From 33d32d7ab4a88f9d6edfcc54e0ea158fac754964 Mon Sep 17 00:00:00 2001
From: Erwin Coumans
 <erwincoumans@erwincoumans-macbookpro2.roam.corp.google.com>
Date: Tue, 31 Oct 2017 16:10:02 -0700
Subject: [PATCH 5/8] add continuous version of kuka cam gym env test

---
 .../examples/kukaCamGymEnvTest.py             | 40 +++++++++++++++++++
 1 file changed, 40 insertions(+)
 create mode 100644 examples/pybullet/gym/pybullet_envs/examples/kukaCamGymEnvTest.py

diff --git a/examples/pybullet/gym/pybullet_envs/examples/kukaCamGymEnvTest.py b/examples/pybullet/gym/pybullet_envs/examples/kukaCamGymEnvTest.py
new file mode 100644
index 000000000..00fe0d6b3
--- /dev/null
+++ b/examples/pybullet/gym/pybullet_envs/examples/kukaCamGymEnvTest.py
@@ -0,0 +1,40 @@
+#add parent dir to find package.

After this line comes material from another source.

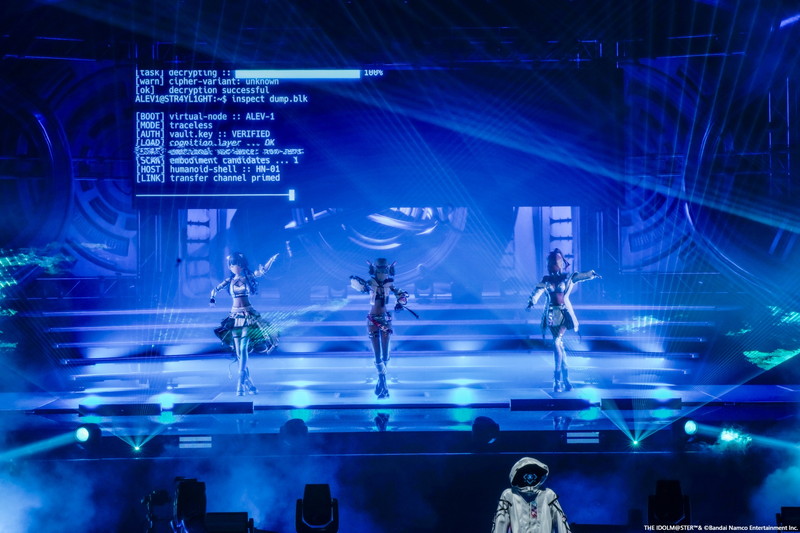 それぞれのソロパフォーマンスを会場に、そしてALEV-1に見せた3名は、再び集合し「Timeless Shooting Star」を披露。「進化続けるAIの支配下で 真価問われるHuman」と歌った後に、恐れることなく「最高の光を放ち」と歌う3名は、ALEV-1の完璧証明に対する、常に最高で最強を目指すストレイライトの宣言であろう。

Only needed for source code build, pip install doesn't need it.
+import os, inspect
+currentdir = os.path.dirname(os.path.abspath(inspect.getfile(inspect.currentframe())))
+parentdir = os.path.dirname(os.path.dirname(currentdir))
+os.sys.path.insert(0,parentdir)
+
+from pybullet_envs.bullet.kukaCamGymEnv import KukaCamGymEnv
+import time
+
+def main():
+
+	environment = KukaCamGymEnv(renders=True,isDiscrete=False)
+	
+	  
+	motorsIds=[]
+	#motorsIds.append(environment._p.addUserDebugParameter("posX",0.4,0.75,0.537))
+	#motorsIds.append(environment._p.addUserDebugParameter("posY",-.22,.3,0.0))
+	#motorsIds.append(environment._p.addUserDebugParameter("posZ",0.1,1,0.2))
+	#motorsIds.append(environment._p.addUserDebugParameter("yaw",-3.14,3.14,0))
+	#motorsIds.append(environment._p.addUserDebugParameter("fingerAngle",0,0.3,.3))
+	
+	dv = 1 
+	motorsIds.append(environment._p.addUserDebugParameter("posX",-dv,dv,0))
+	motorsIds.append(environment._p.addUserDebugParameter("posY",-dv,dv,0))
+	motorsIds.append(environment._p.addUserDebugParameter("posZ",-dv,dv,0))
+	motorsIds.append(environment._p.addUserDebugParameter("yaw",-dv,dv,0))
+	motorsIds.append(environment._p.addUserDebugParameter("fingerAngle",0,0.3,.3))
+	
+	done = False
+	while (not done):
+	    
+	  action=[]
+	  for motorId in motorsIds:
+	    action.append(environment._p.readUserDebugParameter(motorId))
+	  
+	  state, reward, done, info = environment.step(action)
+	  obs = environment.getExtendedObservation()
+	  
+if __name__=="__main__":
+    main()

From 3709e68645d24a26b074f8699f0b081cda228c99 Mon Sep 17 00:00:00 2001
From: Erwin Coumans
 <erwincoumans@erwincoumans-macbookpro2.roam.corp.google.com>
Date: Tue, 31 Oct 2017 16:14:20 -0700
Subject: [PATCH 6/8] fix discrete versions of kuka grasping environment should
 fix issue 1386

---
 .../pybullet/gym/pybullet_envs/baselines/enjoy_kuka_grasping.py | 2 +-
 .../gym/pybullet_envs/baselines/train_kuka_cam_grasping.py      | 2 +-
 .../pybullet/gym/pybullet_envs/baselines/train_kuka_grasping.py | 2 +-
 3 files changed, 3 insertions(+), 3 deletions(-)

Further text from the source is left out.